Further, a valve may be disposed in the cooling circuit of the cooling system between the refrigerant outlet of the evaporator and the refrigerant inlet of the condenser. The valve may be adapted to control the flow of refrigerant through the cooling circuit such that a defined pressure gradient of the refrigerant in the cooling circuit between the refrigerant outlet of the evaporator and the refrigerant inlet of the condenser is established. The pressure gradient of the refrigerant in the cooling circuit between the refrigerant outlet of the evaporator and the refrigerant inlet of the condenser induces a flow of the refrigerant from the evaporator to the condenser without it being necessary to provide an additional conveying device for conveying the gaseous refrigerant through the cooling circuit. If desired, the cooling system, however, also may be provided with a conveying device for conveying the gaseous refrigerant through the cooling circuit which may, for example, be designed in the form of a compressor.
By controlling the pressure gradient of the refrigerant in the cooling circuit between the evaporator and the condenser, the evaporation of the refrigerant in the evaporator and the condensation of the refrigerant in the condenser is stabilized. In particular, by appropriately controlling the valve disposed in the cooling circuit between the refrigerant outlet of the evaporator and the refrigerant inlet of the condenser, the pressure and hence the temperature of the refrigerant upon evaporation in the evaporator and upon condensation in the condenser can be adjusted within a certain range. Load variations of the evaporator and/or the condenser thus can be compensated for, at least to a certain extent, without it being necessary to immediately adjust the operating parameters of the evaporator and/or the condenser.
In a method of operating a cooling system which is in particular suitable for use on board an aircraft a two-phase refrigerant is circulated through a cooling circuit. The two-phase refrigerant is condensed in a condenser. The refrigerant condensed in the condenser is received in an accumulator. The refrigerant discharged from the accumulator is subcooled in a subcooler being arranged at least partially within the interior of the accumulator.

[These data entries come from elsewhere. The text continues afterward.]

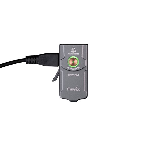 Fenix E03R V2.0 имеет крепкий, алюминиевый корпус серого оттенка. Несмотря на внешнюю миниатюрность и хрупкость конструкции, она стойко выдерживает падения с высоты порядка одного метра и работает даже в сложных погодных условиях. Модель защищена от воды и пыли согласно классу IP66, поэтому продолжает генерировать свет даже при прямом контакте с водой.
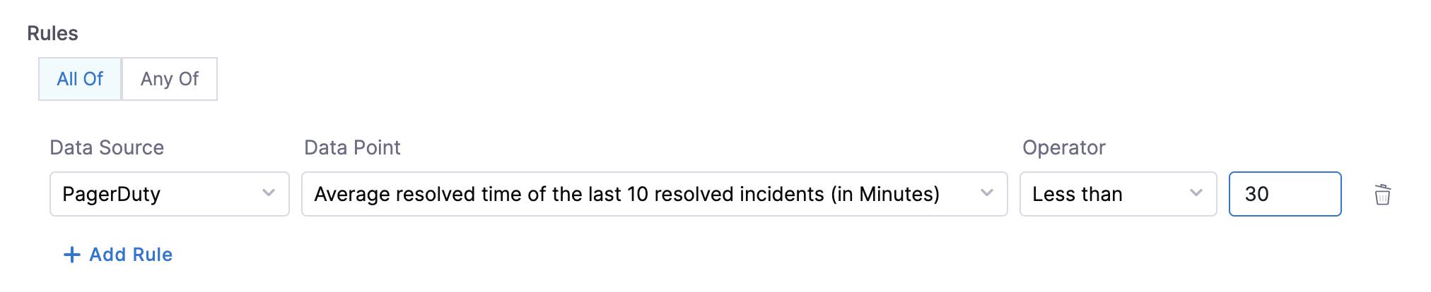 - Average resolved time of the last 10 resolved incidents (in Minutes) - This data point can be used to create rules to check if the average resolved time for the last 10 resolved incidents (in Minutes) is less than the given provided input values.
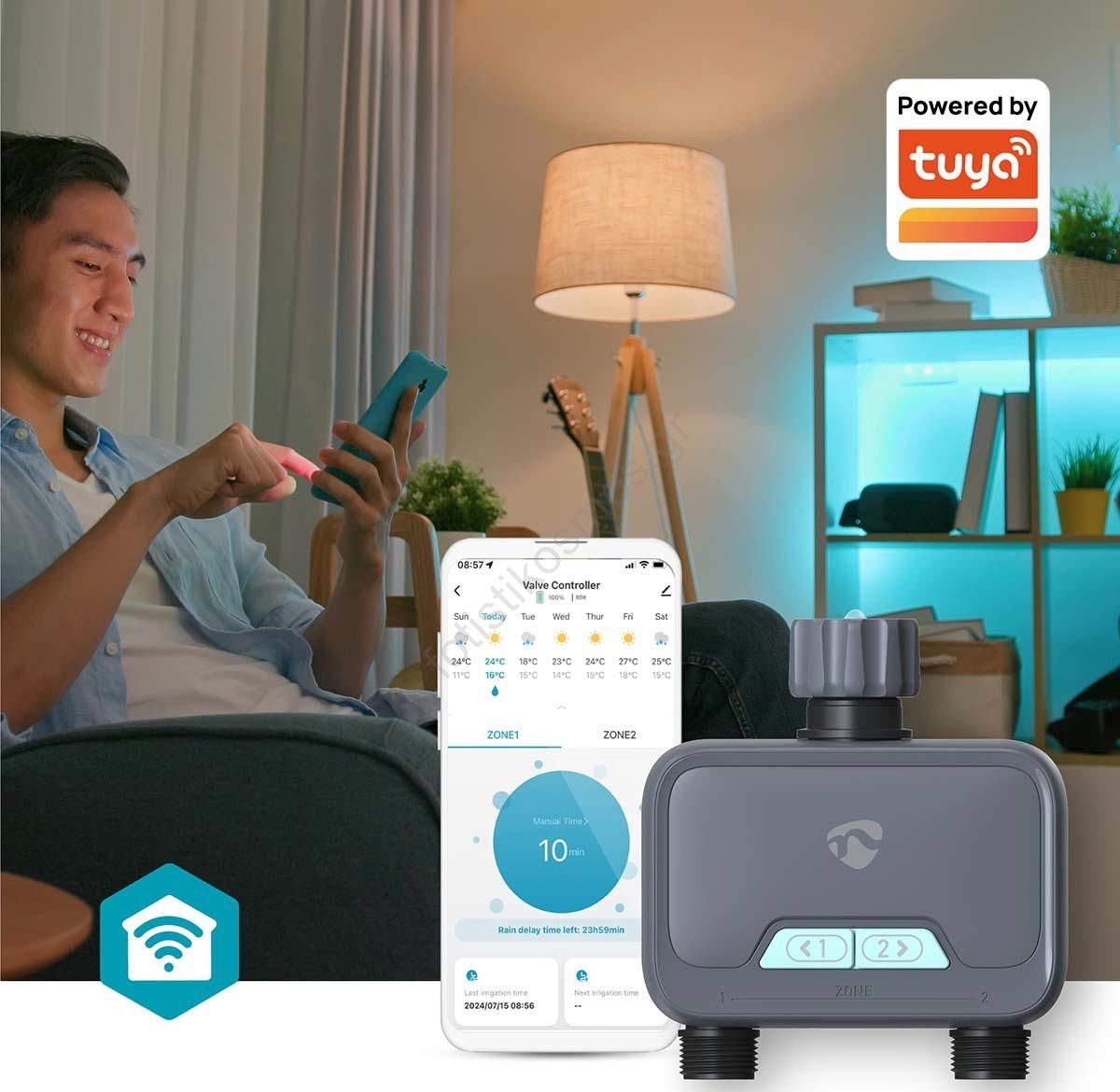 • Ιδανικός για τον έλεγχο και την παρακολούθηση του ποτίσματος σε δύο διαφορετικές ζώνες του κήπου σας.
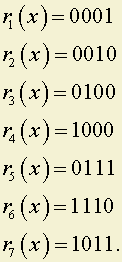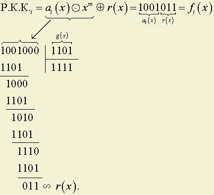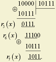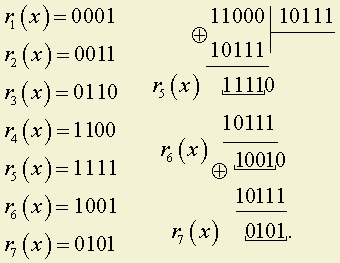 Имеем: ai(x) = x3 Е 1 = 1001; g(x) = x3 Е x2 Е 1 = 1101.
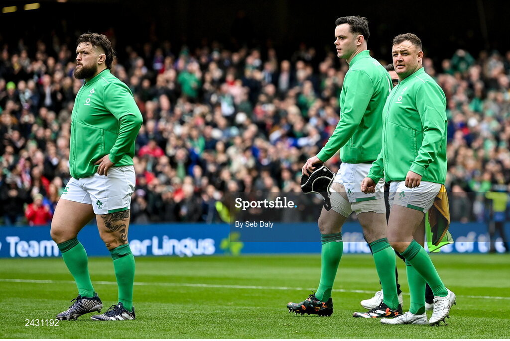 11 February 2023; Ireland players, from left, Andrew Porter, James Ryan and Dave Kilcoyne before their 50th cap in the Guinness Six Nations Rugby Championship match between Ireland and France at the Aviva Stadium in Dublin. Photo by Seb Daly/Sportsfile
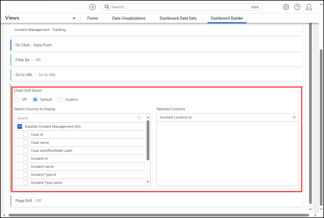 Default: The Default option allows a user to create Chart Drill Downs using the data columns from the selected Chart.
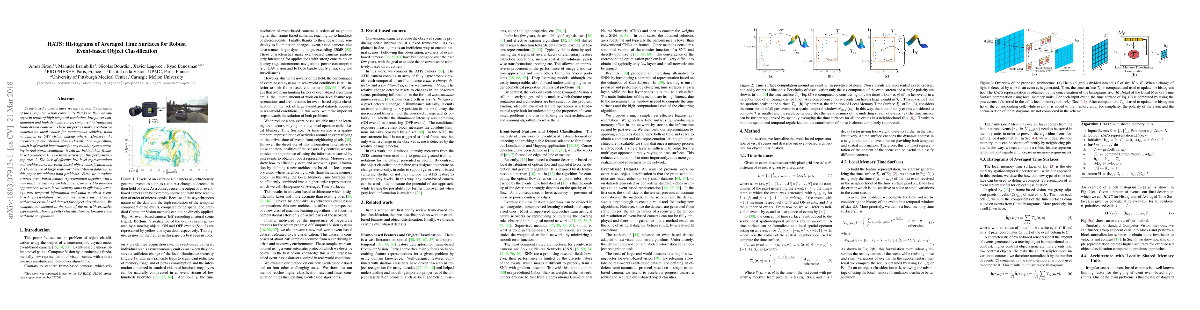 This paper introduces a novel event-based feature representation called Histograms of Averaged Time Surfaces (HATS) and a new machine learning architecture to improve object classification accuracy using event-based cameras. It also releases a large real-world event-based dataset to address the lack of such resources, demonstrating superior performance compared to state-of-the-art methods.
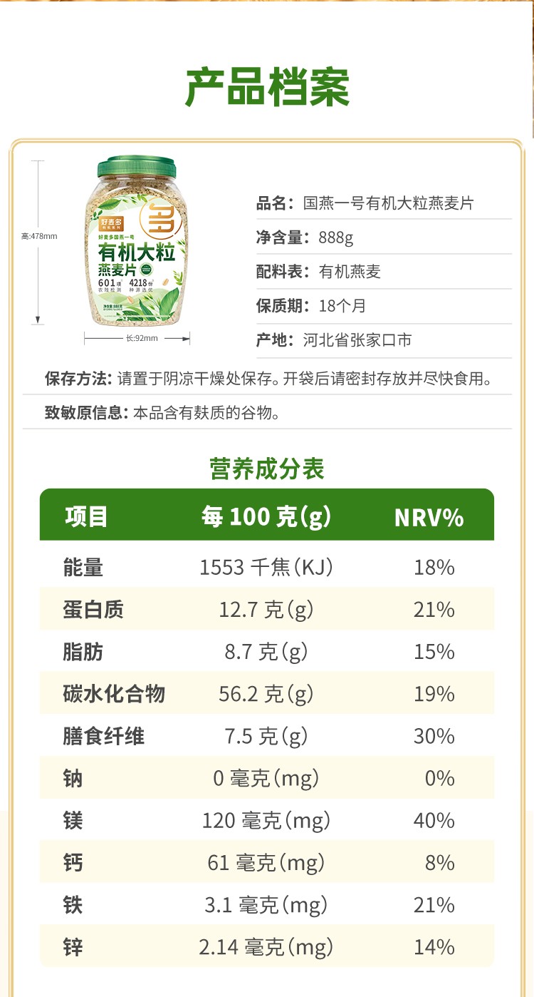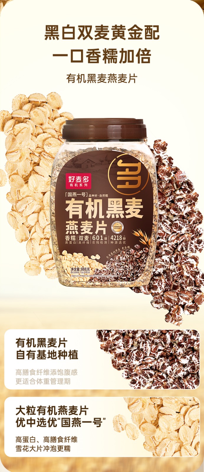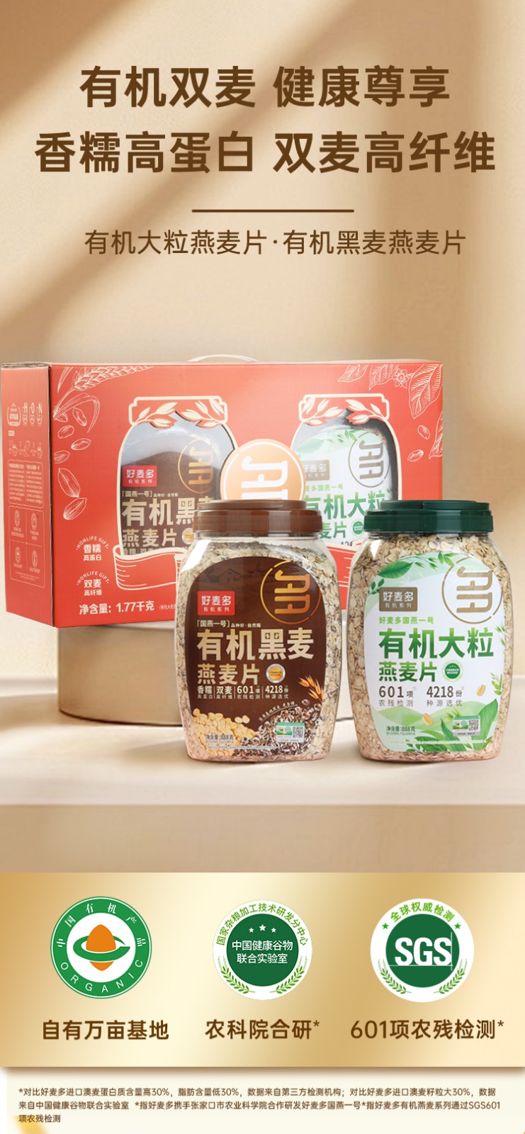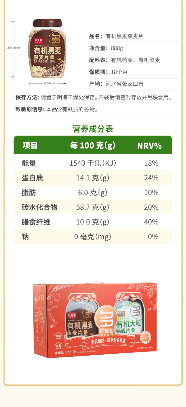 商品名称:(巨邦佑)T+ (yp)好麦多农科院有机八珍即食燕麦片轻食营养无0添加蔗糖中老年人早餐送礼 【送礼大桶装】有机888尊享双麦礼盒 1.77kg
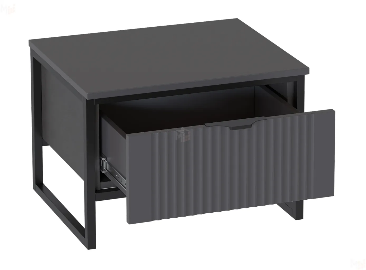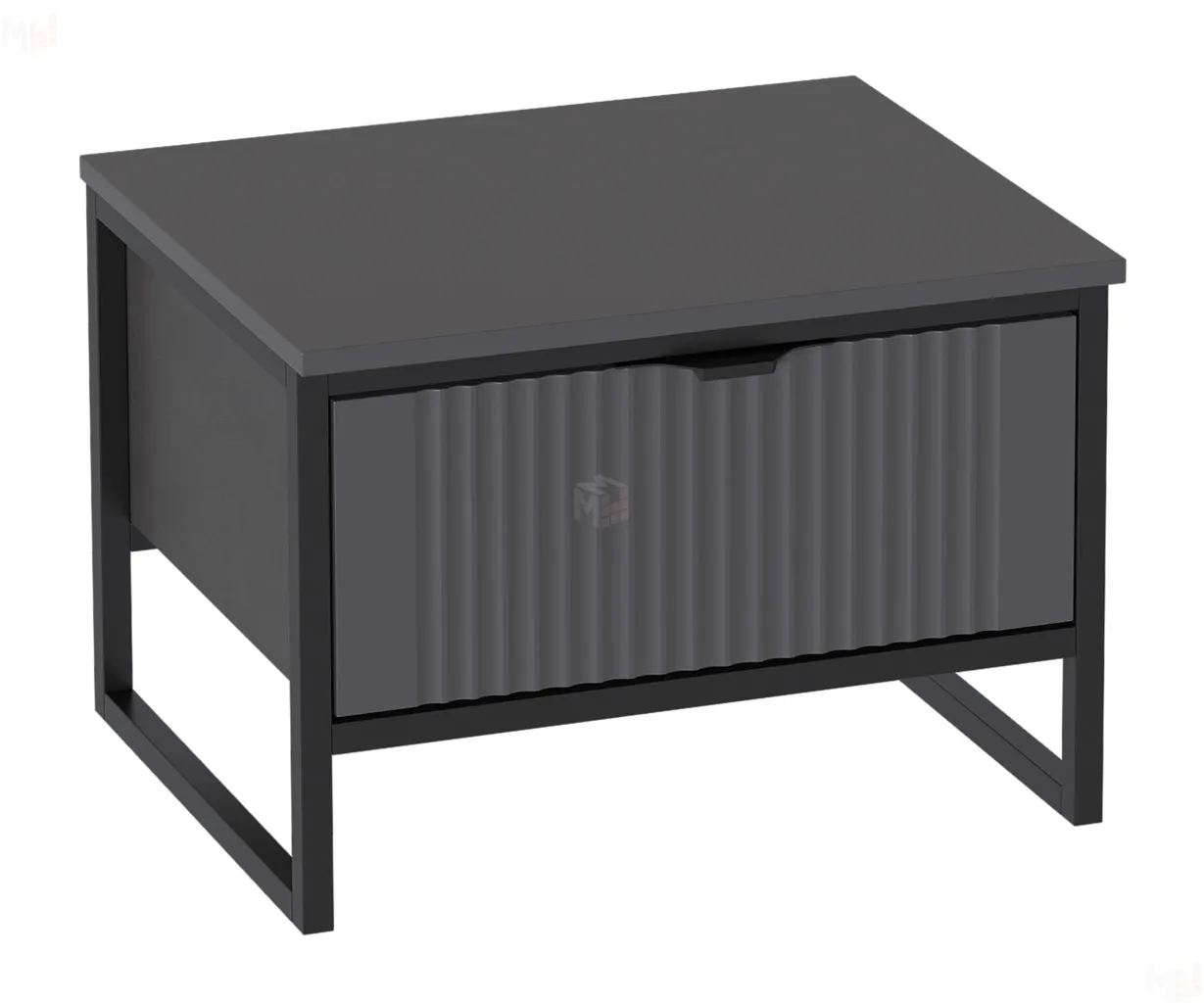 Дизайн коллекции гармонирует со стилем минимализм и лофт. Корпус изделий выполнен из качественного ЛДСП 16 мм цвета "Металл Бруклин", фасады из МДФ 16 мм цвета "Графит". Толщина металлических опор - 20 мм. -

BRIEF DESCRIPTION OF DRAWINGS

Preferred embodiments of the invention now are explained in more detail with reference to the enclosed schematic drawings wherein

FIG. 1 shows an accumulator arrangement for use in a cooling system suitable for operation with a two-phase refrigerant, and

FIG. 2 shows a cooling system suitable for operation with a two-phase refrigerant.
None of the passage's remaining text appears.